→ **WHAT NEEDS TO BE DONE**:
Since pictures do not belong in the copy, please repeat every record below exactly without them.

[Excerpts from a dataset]
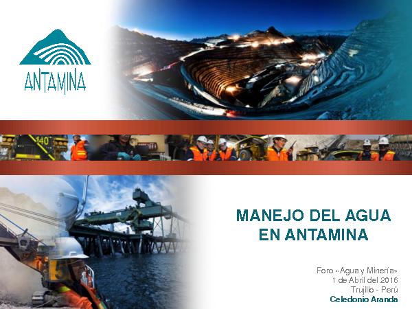 Esta presentación fue realizada por Celedonio Aranda de Antamina en el Foro “Agua y Minería”, que tuvo como objetivo de proyectar un ambiente de análisis, discusión y conceso, en temas de cómo es que la minería aprovecha los recursos hídricos y el proceso. Este foro fue organizado por el Ministerio de Agricultura y Riego (MINAGRI), la Autoridad Nacional del Agua (ANA), y la Gerencia Regional de Energía, Minas e Hidrocarburo los días 31 de Marzo y 01 de Abril del 2016 en el Auditorio del Colegio de Ingenieros de La Libertad.
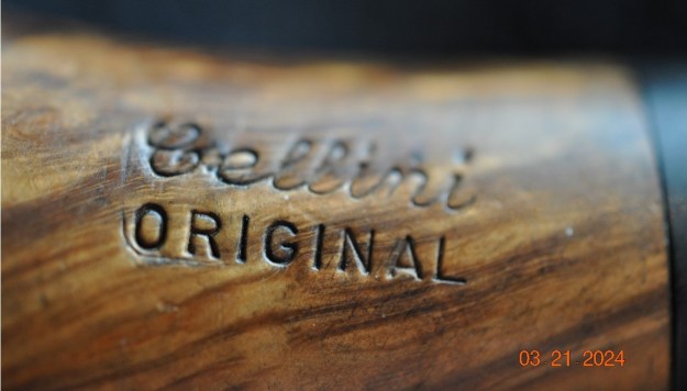 The next pipe on the table is a Freehand with some rustication at the shank/bowl joint and plateau on the rim top.  It has a well shaped thick vulcanite taper stem. We purchased it from an estate sale in Idaho Falls, Idaho, USA on 09/16/2023. The pipe is stamped on the left side of the shank and reads Cellini [over] Original. There is no other stamping on the bowl or shank. There was a thick cake in the bowl and some darkening and lava on the inner edge of the bowl and the first part of the plateau rim top. It was hard to know for certain the condition of the inner edge though it appeared to be in good condition. There were oils and grime ground into the bowl sides gives the finish a flat look though there is some great grain. The shank is thick and has a slight curve to it giving the pipe the appearance of a pick axe. The shape of the taper stem also matches the curves of the bowl and shank. It is a dirty stem with calcification, oxidation, grime and grit on the surface. There were also light tooth marks on both the top and underside of the stem just ahead of the button. Jeff took photos of the pipe before he started his clean up work. I have included them below.He took photos of the pipe’s bowl and rim top to show the cake in the bowl, the darkening on the inner edge and the lava coat overflowing onto the top. There are some oil stains on the rim top in various spots among the plateau finish. It is another dirty pipe. He also took photos to capture the oxidation, calcification and the light tooth marks on the top and underside of the stem near the button. He took photos of the sides and heel of the bowl to show the grain around the bowl and the amount of grime ground into the surface of the briar. He took a photo of the stamping on the left side of the shank. It is clear and quite readable. I turned to Pipephil’s site (http://pipephil.eu/logos/en/logo-c3.html) for a summary of the information he had gathered on the brand and perhaps some photos. I have included both the information from the sidebar as well as a screen capture of some photos. I quote:
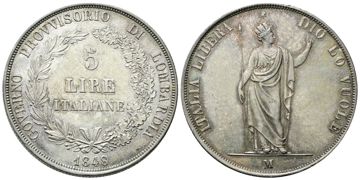 Dr. GOVERNO PROVVISORIO DI LOMBARDIA. Nel campo 5 LIRE ITALIANE tra due rami di lauro e di quercia. Rv. ITALIA LIBERA - DIO LO VUOLE. L'Italia con corona turrita sormontata da stella, stante di fronte e volta a destra, solleva la mano sinistra e regge un'asta nella destra; in esergo, M.
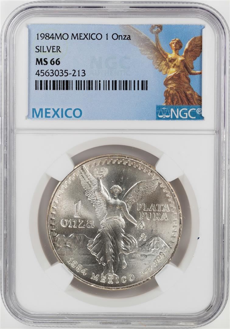 One 1984Mo Mexico 1 Onza Libertad Silver Coin NGC MS66. NGC Certified.
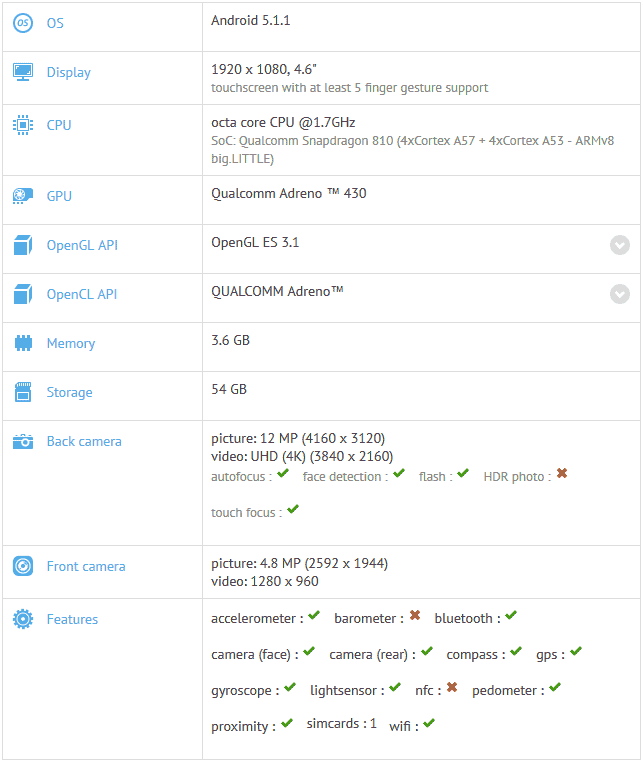 Итак, OnePlus 2 Mini засветился в бенчмарке GFXBench, устройство обладает 4.6" Full HD экраном, основано на 1.7ГГц восьмиядерной SoC Snapdragon 810 с графикой Adreno 430, имеет 4 гигабайта оперативной памяти и 64 гигабайта памяти встроенной, вероятно расширяемой. Тыловая камера получила 13МП сенсор с диафрагмой f/2.0 и двойной светодиодной вспышкой, а также лазерным автофокусом и оптической системой стабилизации изображения, также решение поддерживает запись видео в формате 4K; камера фронтальная получила 5МП сенсор. Без WiFi и Bluetooth не обошлось, о поддержке NFC или же о количестве слотов для SIM карт информации нет.
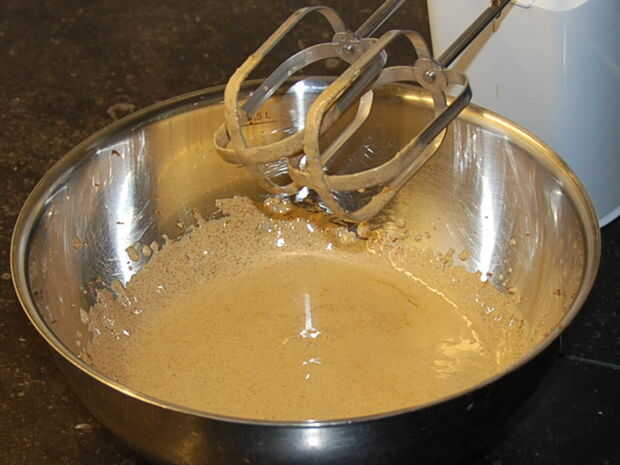 Mientras tanto batir 4 yemas y el azúcar morena en un recipiente aparte hasta que esté esponjoso.
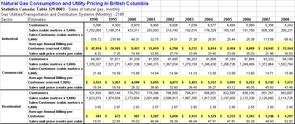 Therefore, the promise that consumer prices per unit of energy used will decline as per customer demand declines is unlikely to be realized. Since 1979, it has not been realized in any developed western nation. The history of natural gas demand and pricing in BC, as outlined in the table below, is not unique in this regard. We see the same pattern in all provinces and EU member nations, for natural gas, electricity and (to a lesser extent) home heating fuel.
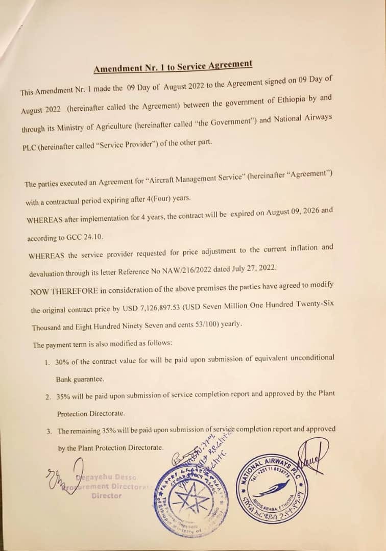 "ናሽናል ኤርዌይስ በኬሚካል ርጭት ልምድ ባይኖረውም ተመረጠ፣ ከዚህ በበለጠ የሚገርመው ግን አንደኛው አመት ከተጠናቀቀ በኋላ ውሉን ለማስረዘም በታሰረ ሌላ ውል በአመት ለድርጅቱ የሚከፈለው የገንዘብ መጠን በአመት 7,126,897 ዶላር (ሰባት ሚሊዮን አንድ መቶ ሀያ ስድስት ሺህ ስምንት መቶ ዘጠና ሰባት ዶላር) መሆኑ ነው" የሚሉት ባለሙያው ይህ የግብርና ሚኒስቴር ሰራተኞች በሙሉ ማስገረሙን ያነሳሉ።
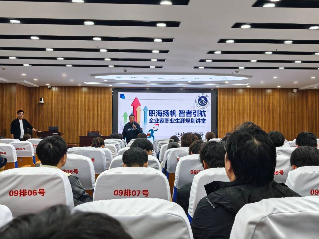为帮助学生搭建与企业精英面对面交流的平台,精准赋能未来职业发展,11月7日下午,商学院在实训楼B117报告厅举办“职海扬帆 智者引航”企业家职业生涯规划讲堂活动。商学院学生事务管理科科长孙茂顺和百余名2025级电子商务专业新生参加了活动。
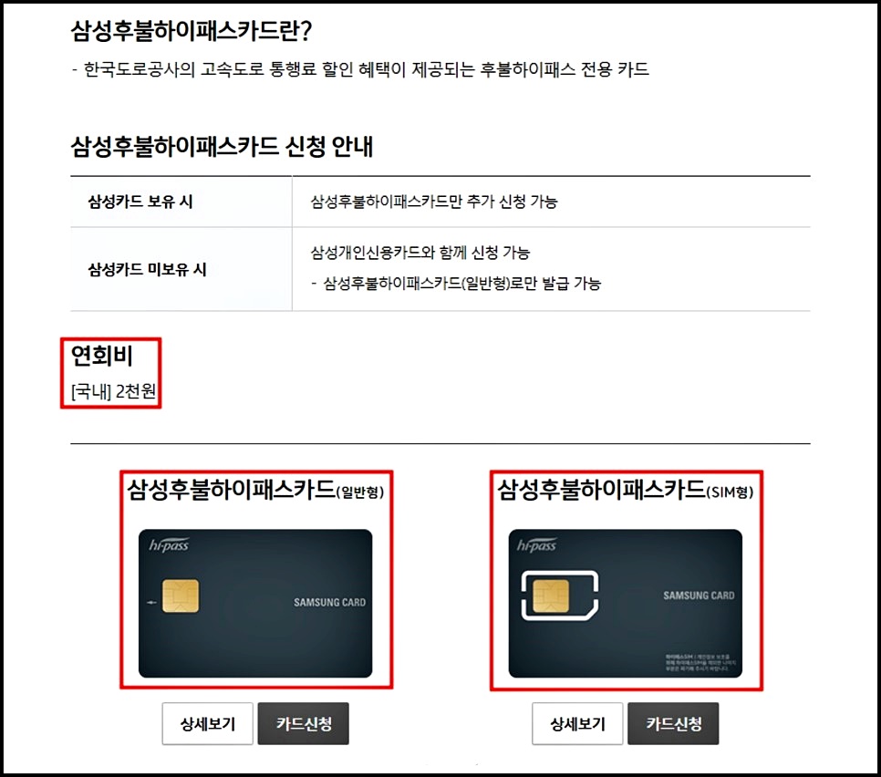 삼성카드를 예로 들면, 삼성카드 홈페이지에 들어가서 살펴보면 위와 같이 안내가 되어있어요.
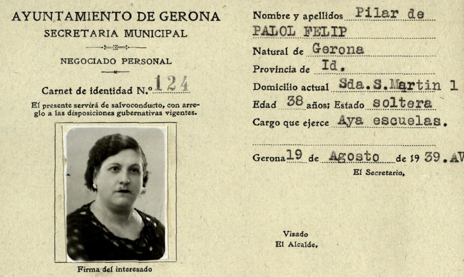 El 17 de maig de 1939 la Comissió Gestora de l'Ajuntament de Girona nomenava Salvador Campillo Ballester jutge instructor per a la depuració dels empleats municipals. L'Ajuntament actuava seguint la Llei de 10 de febrer de 1939, de Depuración de Empleados Públicos, i l'Ordre Ministerial de 12 de març de 1939 que adaptava la norma a la depuració dels funcionaris de l'Administració Local.
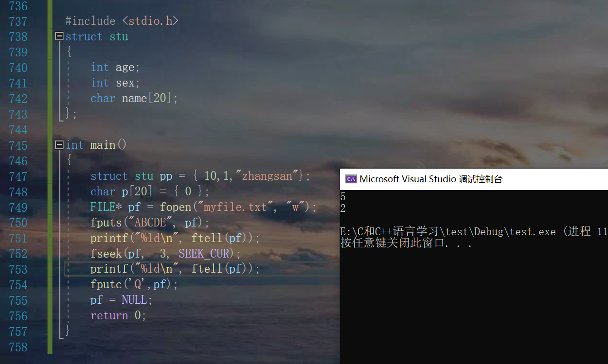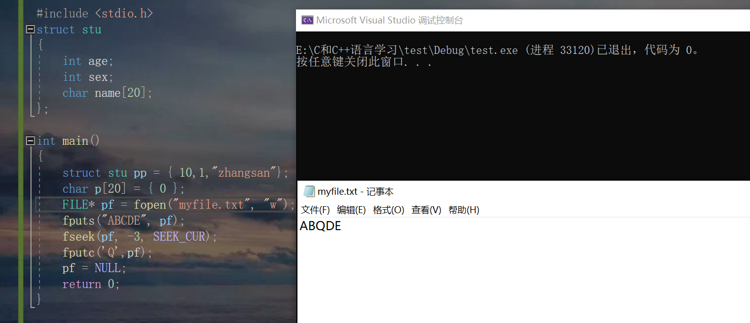 {struct stu pp = { 10,1,"zhangsan"};char p[20] = { 0 };FILE* pf = fopen("myfile.txt", "w");fputs("ABCDE", pf);printf("%ld\n", ftell(pf));fseek(pf, -3, SEEK_CUR);printf("%ld\n", ftell(pf));fputc('Q',pf);pf = NULL;return 0;
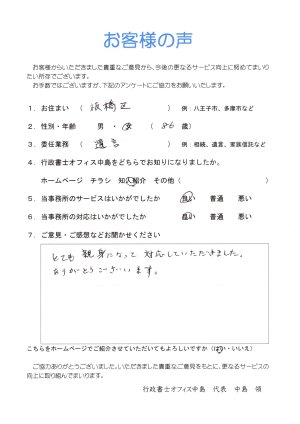 視力がなく体も不自由な私に対して、遺言書作成にあたり、説明及び手続などを丁寧に分かりやすく説明して頂き理解でき、また遺言書作成の必要書類もすべて揃えて頂きましたので公証人の方との遺言書作成の際、簡単に問題なくできたことに感謝いたしております。(以下略)
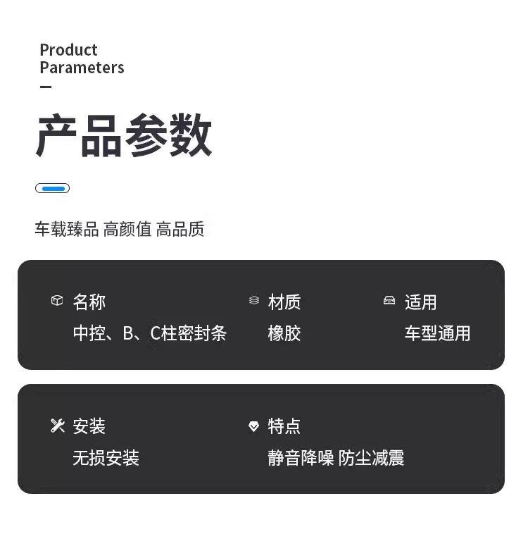 Chery Tiggo 9 car sealing strips, B-pillar door sound insulation strips, C-pillar dust insulation and noise reduction strips, center console sealing strip modification.
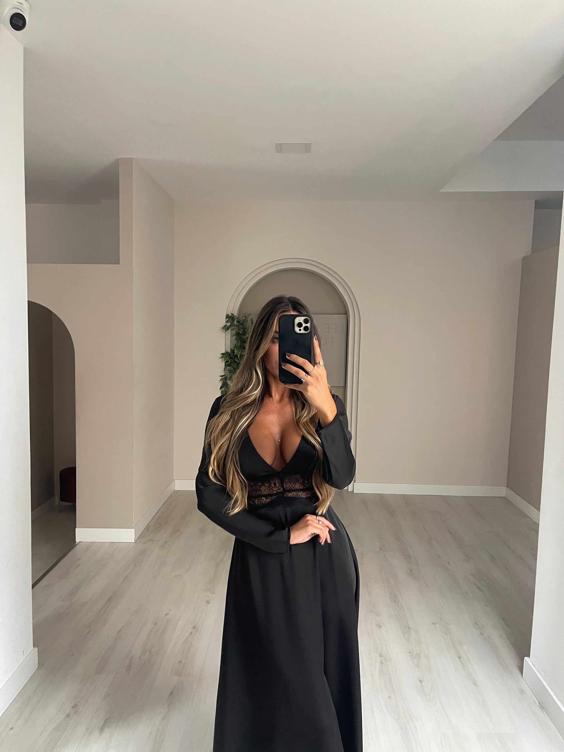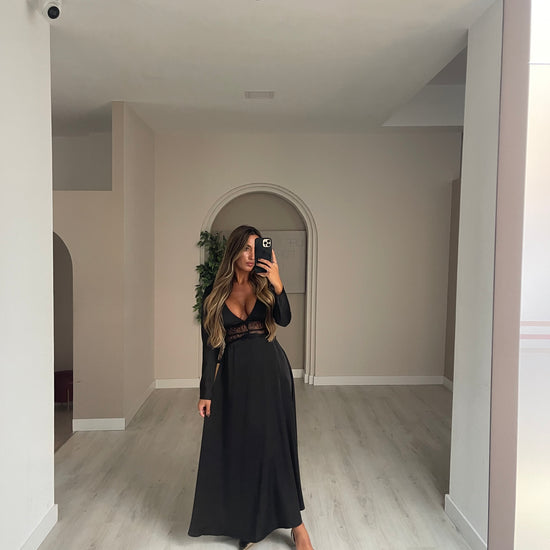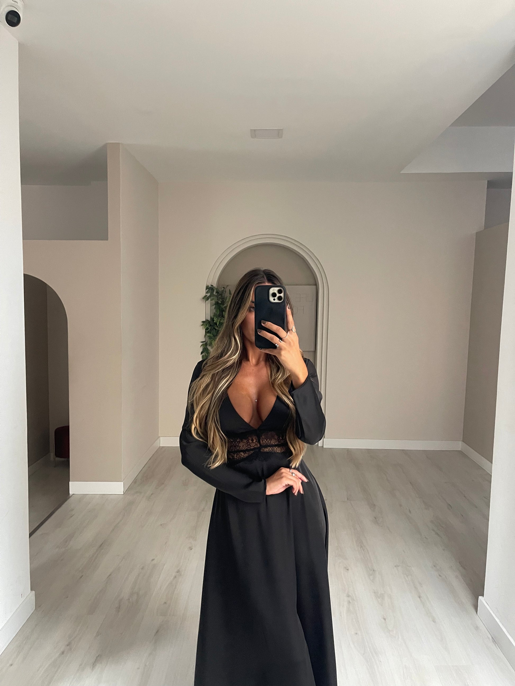 Vestido comprido em cetim com o pormenor de renda na barriga.
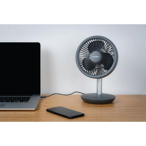 Tragbarer Akku-Ventilator - USB-Ladegerät - Eurom, Höhe: 29.2 cm, Energie: 5 W, Farbe: Grau
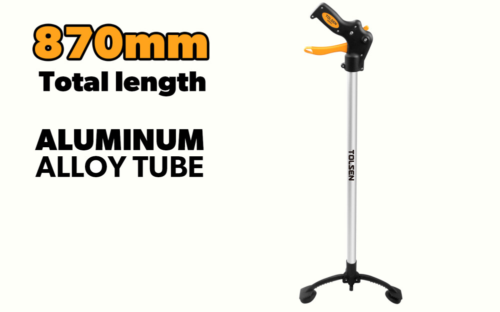 Штанга изготовлена из алюминиевого сплава, что делает инструмент одновременно лёгким и достаточно прочным, не подверженным ржавчине и воздействию влаги, при этом удобным в транспортировке и использовании на улице. Механизм блокировки на ручке позволяет зафиксировать захват в закрытом положении, что делает его компактным для хранения и предотвращает случайные срабатывания или падения предметов. «Челюсти» (захватные губки) снабжены резиновыми накладками, которые обеспечивают надёжное сцепление с предметами, уменьшают риск повреждения поверхности и предотвращают проскальзывание, особенно на гладких или влажных объектах.

→ **YOUR RESPONSE**:
 Esta presentación fue realizada por Celedonio Aranda de Antamina en el Foro “Agua y Minería”, que tuvo como objetivo de proyectar un ambiente de análisis, discusión y conceso, en temas de cómo es que la minería aprovecha los recursos hídricos y el proceso. Este foro fue organizado por el Ministerio de Agricultura y Riego (MINAGRI), la Autoridad Nacional del Agua (ANA), y la Gerencia Regional de Energía, Minas e Hidrocarburo los días 31 de Marzo y 01 de Abril del 2016 en el Auditorio del Colegio de Ingenieros de La Libertad.
 The next pipe on the table is a Freehand with some rustication at the shank/bowl joint and plateau on the rim top.  It has a well shaped thick vulcanite taper stem. We purchased it from an estate sale in Idaho Falls, Idaho, USA on 09/16/2023. The pipe is stamped on the left side of the shank and reads Cellini [over] Original. There is no other stamping on the bowl or shank. There was a thick cake in the bowl and some darkening and lava on the inner edge of the bowl and the first part of the plateau rim top. It was hard to know for certain the condition of the inner edge though it appeared to be in good condition. There were oils and grime ground into the bowl sides gives the finish a flat look though there is some great grain. The shank is thick and has a slight curve to it giving the pipe the appearance of a pick axe. The shape of the taper stem also matches the curves of the bowl and shank. It is a dirty stem with calcification, oxidation, grime and grit on the surface. There were also light tooth marks on both the top and underside of the stem just ahead of the button. Jeff took photos of the pipe before he started his clean up work. I have included them below.He took photos of the pipe’s bowl and rim top to show the cake in the bowl, the darkening on the inner edge and the lava coat overflowing onto the top. There are some oil stains on the rim top in various spots among the plateau finish. It is another dirty pipe. He also took photos to capture the oxidation, calcification and the light tooth marks on the top and underside of the stem near the button. He took photos of the sides and heel of the bowl to show the grain around the bowl and the amount of grime ground into the surface of the briar. He took a photo of the stamping on the left side of the shank. It is clear and quite readable. I turned to Pipephil’s site (http://pipephil.eu/logos/en/logo-c3.html) for a summary of the information he had gathered on the brand and perhaps some photos. I have included both the information from the sidebar as well as a screen capture of some photos. I quote:
 Dr. GOVERNO PROVVISORIO DI LOMBARDIA. Nel campo 5 LIRE ITALIANE tra due rami di lauro e di quercia. Rv. ITALIA LIBERA - DIO LO VUOLE. L'Italia con corona turrita sormontata da stella, stante di fronte e volta a destra, solleva la mano sinistra e regge un'asta nella destra; in esergo, M.
 One 1984Mo Mexico 1 Onza Libertad Silver Coin NGC MS66. NGC Certified.
 Итак, OnePlus 2 Mini засветился в бенчмарке GFXBench, устройство обладает 4.6" Full HD экраном, основано на 1.7ГГц восьмиядерной SoC Snapdragon 810 с графикой Adreno 430, имеет 4 гигабайта оперативной памяти и 64 гигабайта памяти встроенной, вероятно расширяемой. Тыловая камера получила 13МП сенсор с диафрагмой f/2.0 и двойной светодиодной вспышкой, а также лазерным автофокусом и оптической системой стабилизации изображения, также решение поддерживает запись видео в формате 4K; камера фронтальная получила 5МП сенсор. Без WiFi и Bluetooth не обошлось, о поддержке NFC или же о количестве слотов для SIM карт информации нет.
 Mientras tanto batir 4 yemas y el azúcar morena en un recipiente aparte hasta que esté esponjoso.
 Therefore, the promise that consumer prices per unit of energy used will decline as per customer demand declines is unlikely to be realized. Since 1979, it has not been realized in any developed western nation. The history of natural gas demand and pricing in BC, as outlined in the table below, is not unique in this regard. We see the same pattern in all provinces and EU member nations, for natural gas, electricity and (to a lesser extent) home heating fuel.
 "ናሽናል ኤርዌይስ በኬሚካል ርጭት ልምድ ባይኖረውም ተመረጠ፣ ከዚህ በበለጠ የሚገርመው ግን አንደኛው አመት ከተጠናቀቀ በኋላ ውሉን ለማስረዘም በታሰረ ሌላ ውል በአመት ለድርጅቱ የሚከፈለው የገንዘብ መጠን በአመት 7,126,897 ዶላር (ሰባት ሚሊዮን አንድ መቶ ሀያ ስድስት ሺህ ስምንት መቶ ዘጠና ሰባት ዶላር) መሆኑ ነው" የሚሉት ባለሙያው ይህ የግብርና ሚኒስቴር ሰራተኞች በሙሉ ማስገረሙን ያነሳሉ።
为帮助学生搭建与企业精英面对面交流的平台,精准赋能未来职业发展,11月7日下午,商学院在实训楼B117报告厅举办“职海扬帆 智者引航”企业家职业生涯规划讲堂活动。商学院学生事务管理科科长孙茂顺和百余名2025级电子商务专业新生参加了活动。
 삼성카드를 예로 들면, 삼성카드 홈페이지에 들어가서 살펴보면 위와 같이 안내가 되어있어요.
 El 17 de maig de 1939 la Comissió Gestora de l'Ajuntament de Girona nomenava Salvador Campillo Ballester jutge instructor per a la depuració dels empleats municipals. L'Ajuntament actuava seguint la Llei de 10 de febrer de 1939, de Depuración de Empleados Públicos, i l'Ordre Ministerial de 12 de març de 1939 que adaptava la norma a la depuració dels funcionaris de l'Administració Local.
 {struct stu pp = { 10,1,"zhangsan"};char p[20] = { 0 };FILE* pf = fopen("myfile.txt", "w");fputs("ABCDE", pf);printf("%ld\n", ftell(pf));fseek(pf, -3, SEEK_CUR);printf("%ld\n", ftell(pf));fputc('Q',pf);pf = NULL;return 0;
 視力がなく体も不自由な私に対して、遺言書作成にあたり、説明及び手続などを丁寧に分かりやすく説明して頂き理解でき、また遺言書作成の必要書類もすべて揃えて頂きましたので公証人の方との遺言書作成の際、簡単に問題なくできたことに感謝いたしております。(以下略)
 Chery Tiggo 9 car sealing strips, B-pillar door sound insulation strips, C-pillar dust insulation and noise reduction strips, center console sealing strip modification.
 Vestido comprido em cetim com o pormenor de renda na barriga.
 Tragbarer Akku-Ventilator - USB-Ladegerät - Eurom, Höhe: 29.2 cm, Energie: 5 W, Farbe: Grau
 Штанга изготовлена из алюминиевого сплава, что делает инструмент одновременно лёгким и достаточно прочным, не подверженным ржавчине и воздействию влаги, при этом удобным в транспортировке и использовании на улице. Механизм блокировки на ручке позволяет зафиксировать захват в закрытом положении, что делает его компактным для хранения и предотвращает случайные срабатывания или падения предметов. «Челюсти» (захватные губки) снабжены резиновыми накладками, которые обеспечивают надёжное сцепление с предметами, уменьшают риск повреждения поверхности и предотвращают проскальзывание, особенно на гладких или влажных объектах.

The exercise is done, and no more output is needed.